A high-severity vulnerability has been identified in the Mail Mint plugin for WordPress, which could allow an attacker to take full control of an affected website. The flaw stems from a failure to validate file types during an import process, enabling a malicious actor to upload and execute code on the server. This could lead to data theft, website defacement, or further attacks originating from the compromised system.

The vulnerability exists within the process_contact_attribute_import function of the Mail Mint plugin. The function does not properly validate the types of files being uploaded, creating an arbitrary file upload vulnerability. An authenticated attacker, potentially with low-level privileges, could exploit this by crafting a request to upload a malicious file (e.g., a PHP web shell) disguised as a legitimate import file. Once uploaded to a web-accessible directory, the attacker can execute the file to achieve remote code execution on the server, leading to a complete compromise of the WordPress site.

This vulnerability is rated as High severity with a CVSS score of 7.2. Successful exploitation could have a significant negative impact on the business, leading to a complete compromise of the web server. Potential consequences include the theft of sensitive data such as customer information or internal documents, reputational damage from website defacement, and financial loss due to business disruption. Furthermore, a compromised server could be used as a platform to launch additional attacks against other systems, creating further legal and financial liabilities.

Immediate Action: Immediately update the Mail Mint plugin to the latest patched version provided by the vendor. After updating, verify that the patch has been successfully applied and the site is functioning correctly. If the plugin is no longer required for business operations, it should be deactivated and removed as a best practice to reduce the attack surface.

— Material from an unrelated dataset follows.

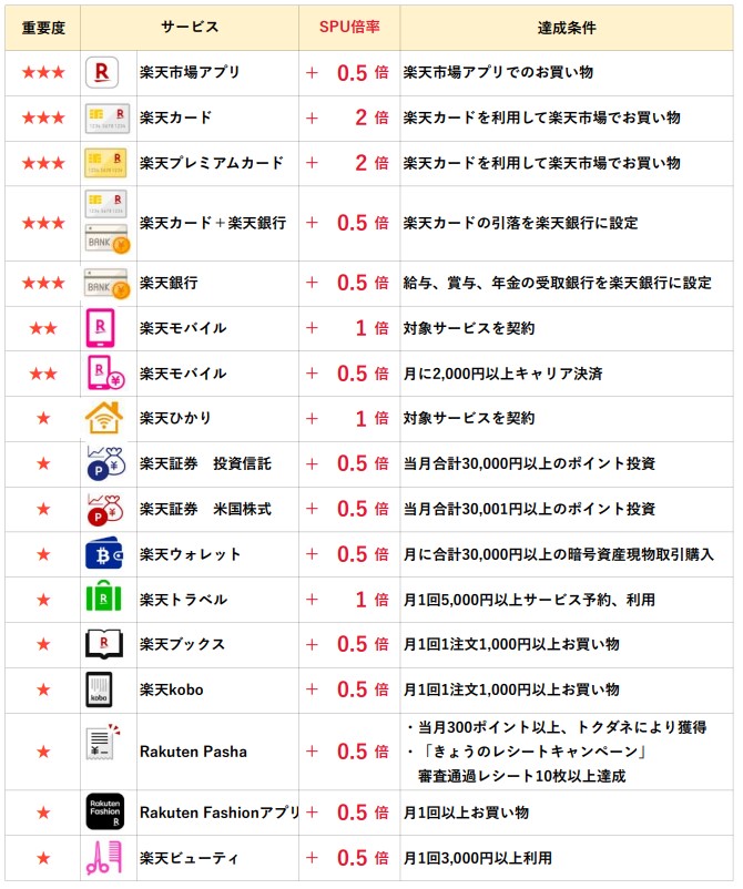 - SPUアップには「楽天市場アプリ」「楽天カード」「楽天銀行」は必須!
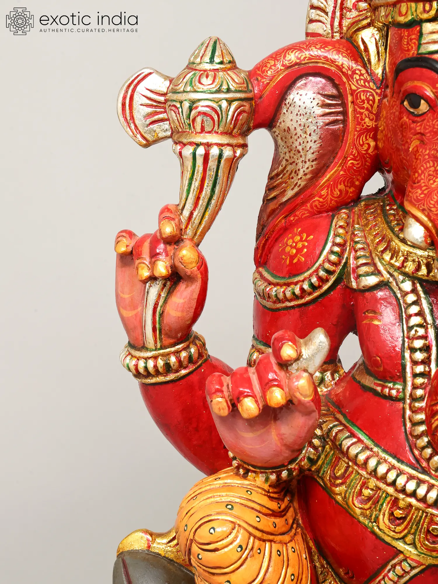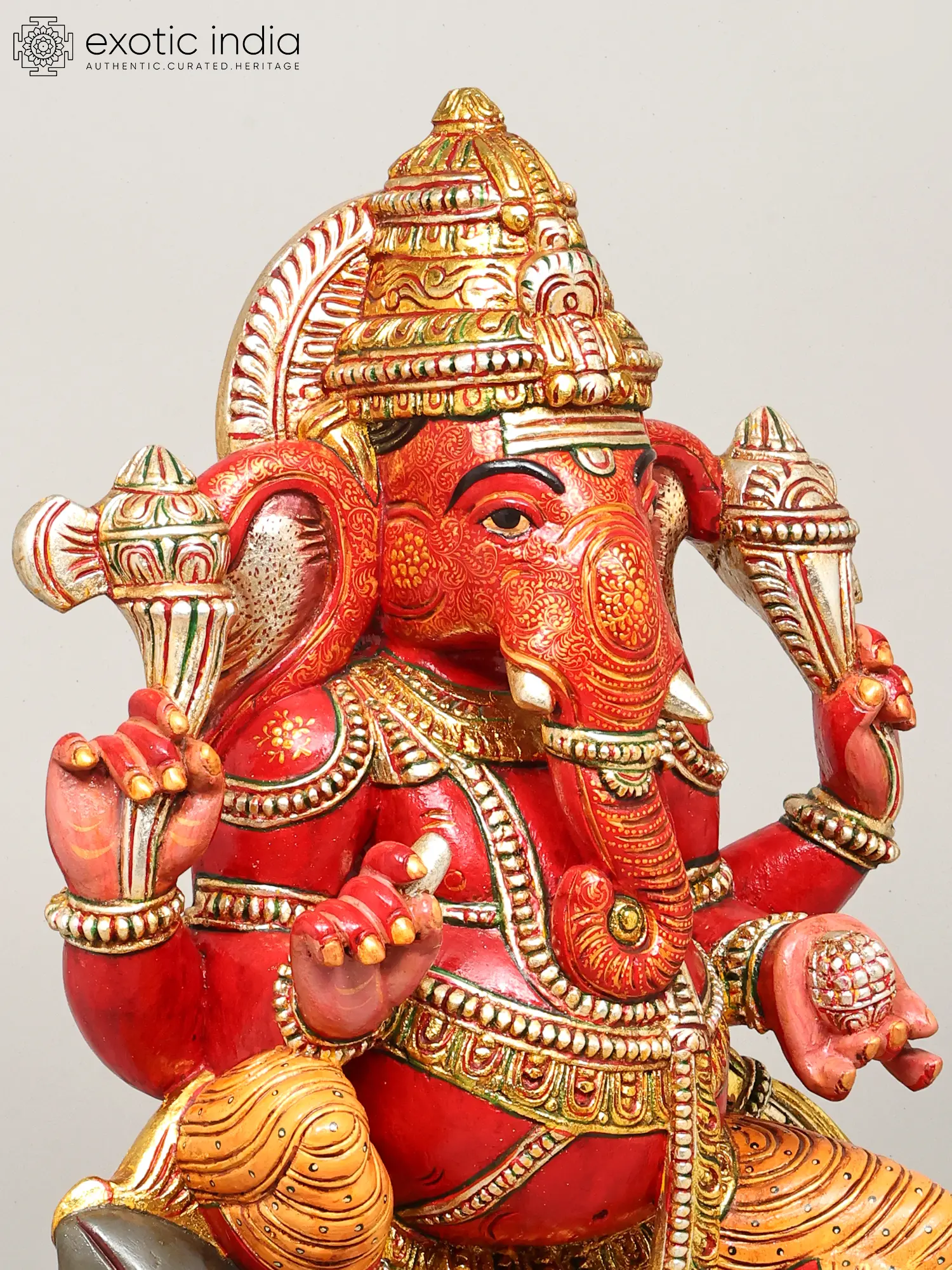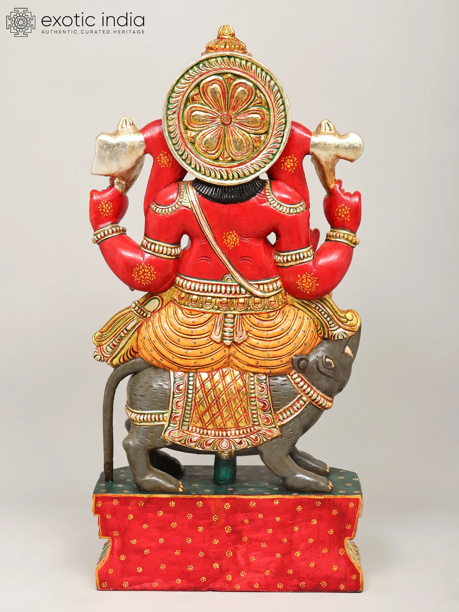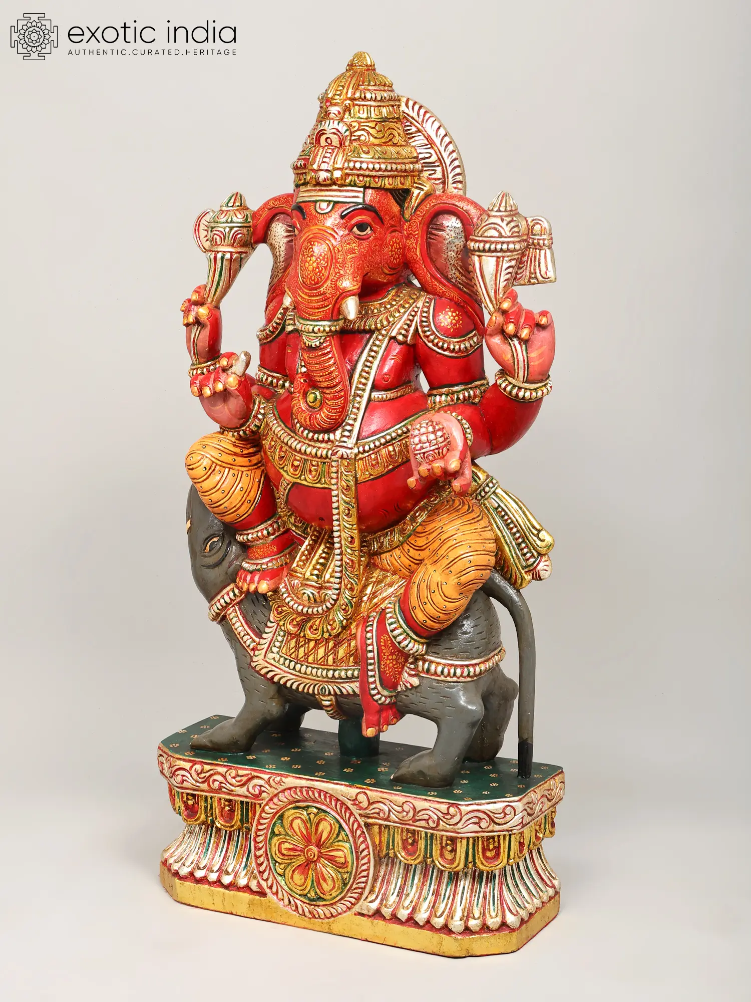 The form of the four-armed deity is rendered with striking dynamism, seated majestically upon his loyal mount, Mushak. You will marvel at the rich ornamentation, from the ornate headdress to the finely sculpted jewelry and garments that adorn the divine figure. The interplay of deep reds, vibrant yellows, and metallic gold accents creates a visually arresting masterpiece, a testament to the exquisite finishing techniques employed.

Proactive Monitoring: Monitor web server access logs for suspicious POST requests to the plugin's import functionality and look for attempts to upload files with executable extensions (e.g., .php, .phtml, .php5). Implement file integrity monitoring to detect the creation of unexpected files in web-accessible directories, particularly within the WordPress uploads folder. Monitor for unusual outbound network traffic from the web server, which could indicate a successful compromise.

Compensating Controls: If immediate patching is not feasible, implement a Web Application Firewall (WAF) with rules specifically designed to inspect file uploads and block malicious file types. Additionally, configure web server permissions to prevent the execution of scripts within the uploads directory. Consider temporarily disabling the contact import functionality within the plugin until a patch can be applied.

Public Exploit Available: false

Given the high severity of this vulnerability (CVSS 7.2) and its potential to allow for a full site compromise, immediate remediation is strongly recommended. Organizations using the affected Mail Mint plugin should prioritize applying the vendor-supplied update to mitigate the risk of exploitation. Before patching, a backup of the website should be created. After patching, administrators should review the system for any signs of compromise that may have occurred prior to the update.